*Problem to solve*: Retype nothing except the lines below from the one with "Υποφάκελος #001 - ΛΗΞΙΑΡΧΕΙΟ ΚΕΡΚΥΡΑΣ  [1918]" through the one with "The Evans EMAD", exactly, with images left out.

*Source material*:
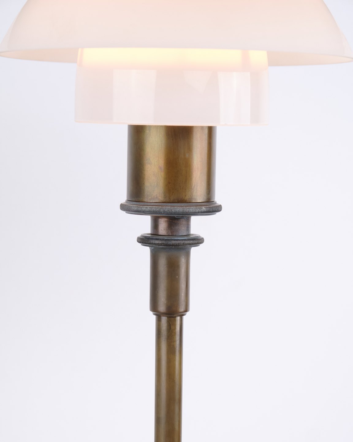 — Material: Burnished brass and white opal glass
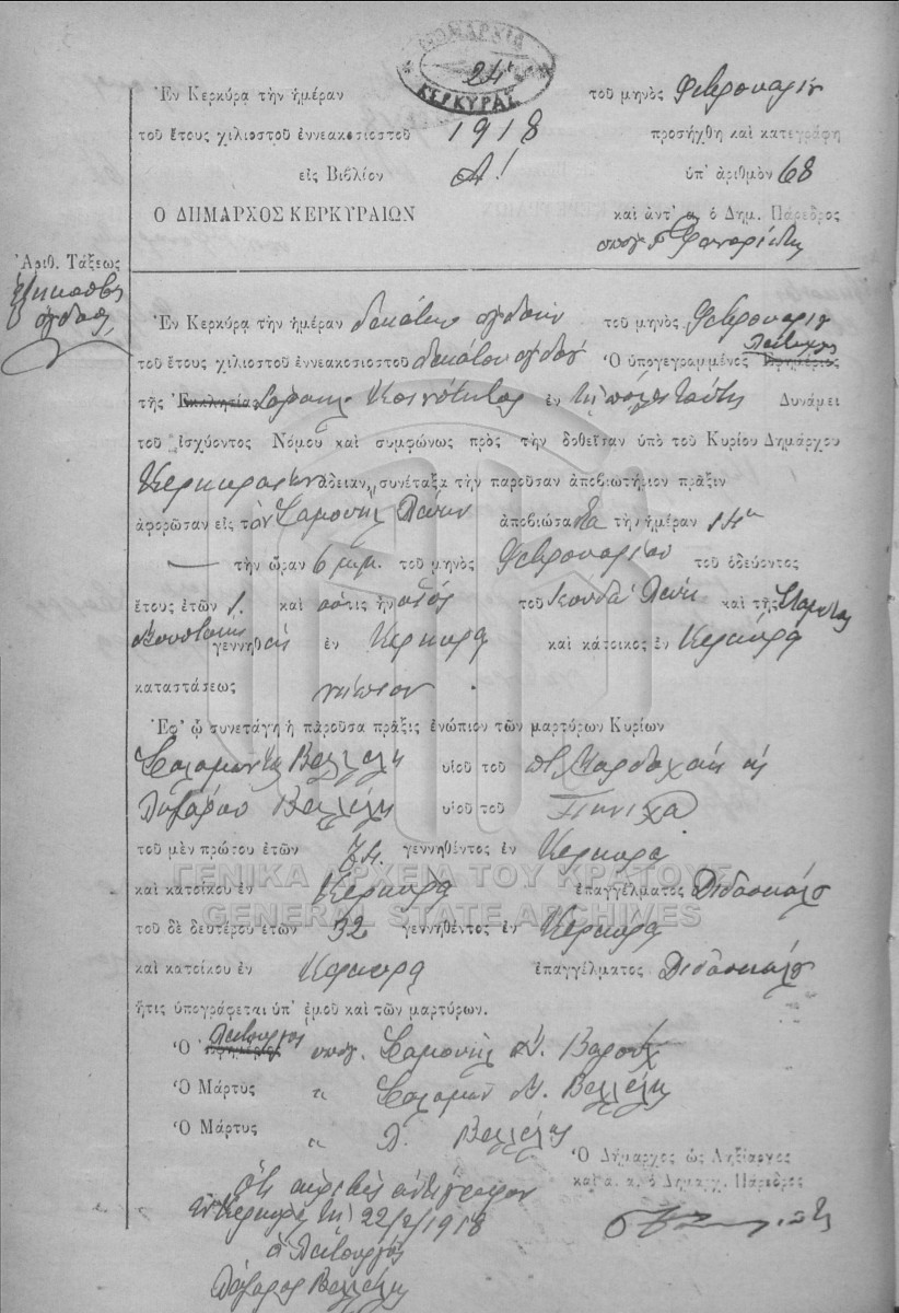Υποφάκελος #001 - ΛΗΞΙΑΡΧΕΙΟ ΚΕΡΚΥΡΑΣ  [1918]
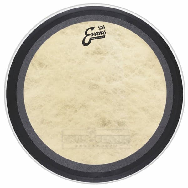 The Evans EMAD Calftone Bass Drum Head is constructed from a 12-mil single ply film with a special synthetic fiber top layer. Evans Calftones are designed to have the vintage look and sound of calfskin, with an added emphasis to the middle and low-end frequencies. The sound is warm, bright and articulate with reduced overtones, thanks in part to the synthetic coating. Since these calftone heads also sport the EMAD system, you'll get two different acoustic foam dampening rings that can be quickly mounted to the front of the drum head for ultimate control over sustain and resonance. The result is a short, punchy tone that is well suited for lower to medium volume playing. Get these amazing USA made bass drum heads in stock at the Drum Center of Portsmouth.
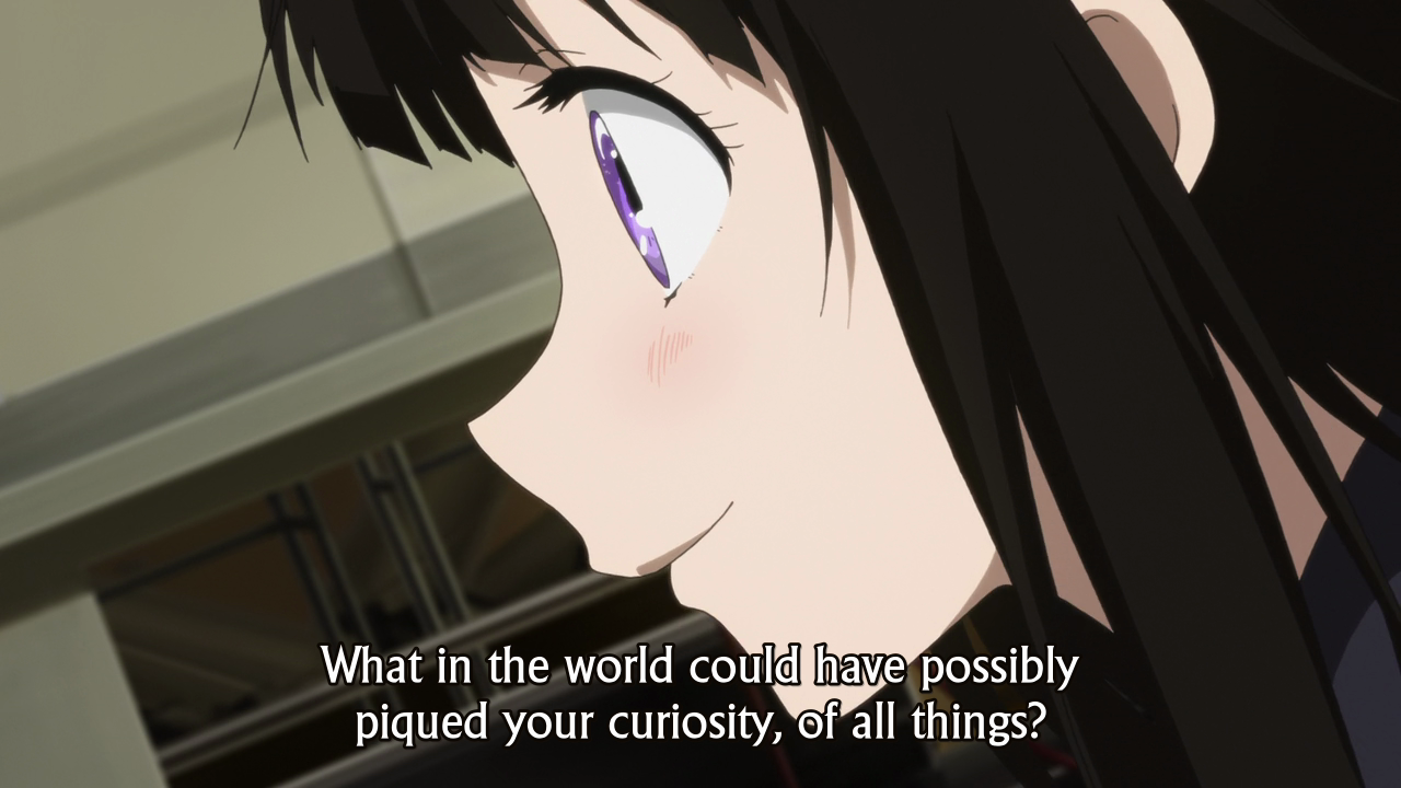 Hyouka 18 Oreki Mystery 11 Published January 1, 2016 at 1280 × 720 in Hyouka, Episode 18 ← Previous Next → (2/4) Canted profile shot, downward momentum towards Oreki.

*Result of the task*:
Υποφάκελος #001 - ΛΗΞΙΑΡΧΕΙΟ ΚΕΡΚΥΡΑΣ  [1918]
 The Evans EMAD Calftone Bass Drum Head is constructed from a 12-mil single ply film with a special synthetic fiber top layer. Evans Calftones are designed to have the vintage look and sound of calfskin, with an added emphasis to the middle and low-end frequencies. The sound is warm, bright and articulate with reduced overtones, thanks in part to the synthetic coating. Since these calftone heads also sport the EMAD system, you'll get two different acoustic foam dampening rings that can be quickly mounted to the front of the drum head for ultimate control over sustain and resonance. The result is a short, punchy tone that is well suited for lower to medium volume playing. Get these amazing USA made bass drum heads in stock at the Drum Center of Portsmouth.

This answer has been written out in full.